За последнее время Бренда сдала и работала уже не на «Скорой помощи», а су-шефом и пекарем в роскошном реабилитационном центре. Она сменила профессию, потому что, по ее словам, слишком постарела, чтобы работать в машинах скорой помощи. Ее мучила мигрень, были потянуты мышцы спины и травмированы лодыжки. Ей было невыносимо видеть, как умирают люди. Ее руки стали тоньше, торс шире, а темно-русые кудри начали седеть, но Майя с радостью отметила, что мама выглядит счастливее. Или, по крайней мере, более расслабленной.
Холодная слякоть просочилась сквозь подошвы кроссовок Майи, когда она выходила из машины. Был полдень зимнего воскресенья – пасмурно и тихо. Седина в волосах матери при таком освещении казалась более заметной. Или, возможно, Майя отсутствовала дольше, чем она думала.
В последние время она редко приезжала домой и знала, что это причиняло боль маме, но правда заключалась в том, что Майя все еще таила обиду за прошлое. Однако признать это означало бы признать, что какая-то ее часть все еще верит, что Фрэнк убил Обри. А Майя никогда не смогла бы рассказать это своей маме. Бренда сразу бы запаниковала, решила, что ее дочь пошла по стопам тети Лизы, и, конечно, позвонила бы доктору Барри.
– Не терпится узнать, что ты думаешь о переменах в комнате, – сказала Бренда, присаживаясь на низкую скамеечку у двери, чтобы снять ботинки. – Ты первой опробуешь новую кровать.
– Ты избавилась от моей кровати?
Мама фыркнула.
– Твоей кровати? Когда ты в последний раз на ней спала? – Вопрос повис тяжелым грузом вины. – Новая кровать с пиллоу-топ[20], – добавила Бренда.

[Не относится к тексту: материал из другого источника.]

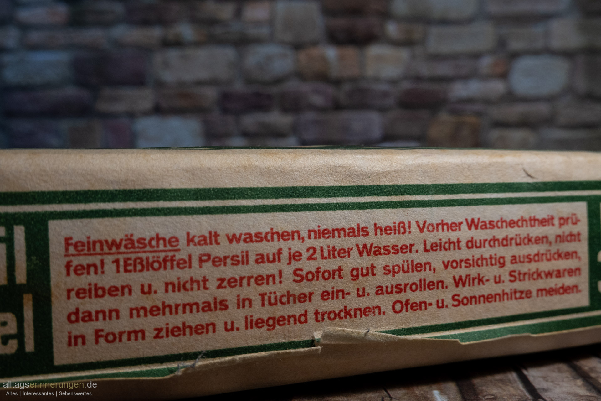 Mehr Informationen befinden sich auf den schmalen Längsseiten. Einmal Hinweise für die Feinwäsche und gegenüberliegend die Hinweise für die Buntwäsche. Dazu der Preis der Packung von 30 Pfennige.
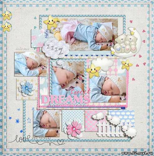 Детский нарисованный скрап-комплект - Сонные мишки 50 png | 15 jpg | 3600xp3600px | 115,76 Mb
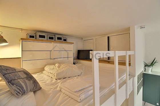 Grâce à une belle hauteur sous plafond, une mezzanine a pu être installée dans cet appartement , vous offrant ainsi une vraie pièce supplémentaire équipée de draps, couettes, etagère, placard.

Скинув кроссовки и пальто, Майя пошла посмотреть «новую комнату», которая была ее старой спальней, переделанной для сдачи в аренду на Airbnb[21]. Мама, казалось, чувствовала себя более спокойно с тех пор, как уволилась с прежней работы, но вместе с тем значительно сократилась ее зарплата, а до пенсии ей было далеко.
Открыв дверь, Майя с трудом узнала комнату, которая принадлежала ей с восьми до восемнадцати лет. Мама обставила ее как в лучших домах Беркшира, этого святилища туризма, надеясь этим привлечь отдыхающих. Вместо плакатов фильма «Лабиринт Фавна» и группы Tender Wallpaper на стенах в рамках висели гравюры работы Нормана Роквелла и фотографии Питтсфилда времен его расцвета, когда классические автомобили, блестя хромом, катились по оживленной Норд-стрит. Лампа на письменном столе сияла, а красно-золотые занавески напоминали осеннюю листву.
Майя желала своей маме успеха и надеялась, что туристы приедут. Но Питтсфилд был не совсем тем местом назначения, коим являлся Сток-Бридж, или Ленокс, или любой другой маленький городок в Беркшире. Каждые несколько лет, или около того, журнал включал его в список перспективных городов или писал, что он возрождается, и Бренде очень хотелось, чтобы это было правдой, чтобы ее родной город был таким, каким он казался ей в детстве. Но насколько могла судить Майя, этому еще только предстояло произойти.
– Ну, что скажешь?
– Выглядит великолепно, – ответила Майя.
Но было что-то тревожное в том, что она видела свою старую, знакомую комнату, заполненную незнакомой мебелью. Все было новым: кровать, туалетный столик, маленький телевизор с плоским экраном. Единственной вещью, которую сохранила ее мама, оказалась прикроватная тумба.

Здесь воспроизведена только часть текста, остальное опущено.